2. Improved energy efficiency

All new properties would need to achieve Band C energy performance certificates by 2026. There was a plan to have a cap of 10,000 pounds for upgrade costs, but at present, there are no updates on this.

3. Green mortgages are trending

Green mortgages for energy-efficient properties are trending. It is a niche market that is going to increase thanks to cheaper rates for property investors. Banks are also willing to offer loans with lesser rates for such properties.

4. Tax changes

31st January is the deadline for the self-assessment tax form 2020-21. While filing the returns, landlords can only offset 20% of the payment for mortgage interest. Earlier, landlords had 30 days to report and pay the capital gains tax bill after selling a to-let property. Now the time is increased to 60 days.

5. Pet-friendly is in

A problem tenants faced was landlords who refused to entertain pets. If you are a landlord, you must know that the Model tenancy agreement makes it impossible to ban tenants with pets without cause. For example, if your property is too small to have a pet, then you can deny, else, you need to entertain tenants with pets.

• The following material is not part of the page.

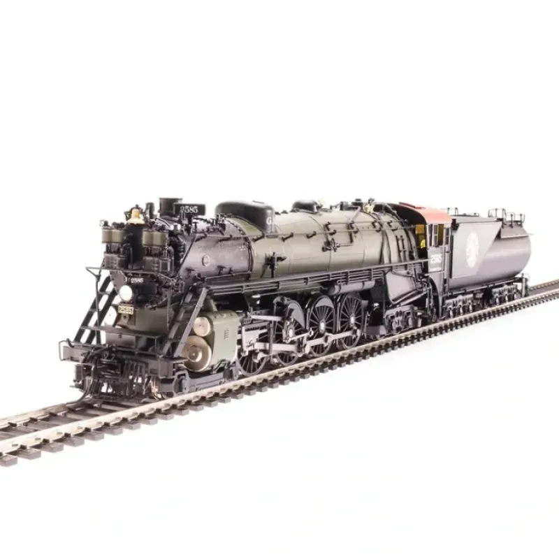 This is a Broadway Limited 2877 HO Scale Painted, Class S-2 4-8-4 Vestibule Cab with Sound, DCC & Smoke – Brass Hybrid Paragon3(T (Glacier Green, black, red).Features: New Paragon3 Sound & Operation System Featuring Rolling Thunder with Authentic Sounds and Prototypical Operation in both DC and DCC environments, Factory InstAlled Engineer / Fireman Figures, Synchronized Puffing Smoke with each Chuff, Variable Puffing Smoke Intensity and Timing, Locomotive Composition: Brass body with Die Cast Chassis, Tender Composition: Brass body with Die Cast Chassis, Couplers: (2) Operating Kadee or Compatible, Compatible Tracks: Code 70, 83, 100 Rail, Equipped with Traction Tires Minimum Operating Radius: 22 in or greater.
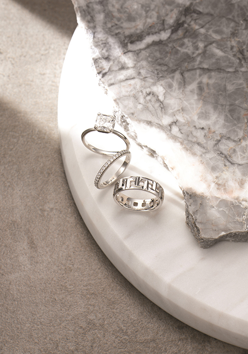 (위부터) 티파니 트루 링 다이아몬드의 영롱한 광채를 돋보이게 하는 동시에 손가락과 가깝도록 정교하게 설계한 플래티넘 링 가격 미정. 티파니 솔리스트 밴드 링 얇은 플래티넘에 다이아몬드를 세팅한 밴드 링 3백40만원. 티파니 T 트루 링 서로 맞물린 알파벳 T가 체인 형태로 교차돼 강인한 균형미를 보여주는 18K 화이트 골드 링 1백86만원. 문의 02-547-9488 |

6. Short-term lets are not so easy

In Scotland, short-term lets through the likes of Airbnb are no longer going to be easy. Licensing would be required. Once the licensing schemes are drawn out, landlords need to apply for licensing to avail of short-term lets.

7. Carbon monoxide norms

When homes use fires for heating or gas boilers, there is the risk of carbon monoxide leakage. To alleviate this risk, there are now new rules in place. Carbon monoxide alarms are now compulsorily required whenever a new appliance is installed.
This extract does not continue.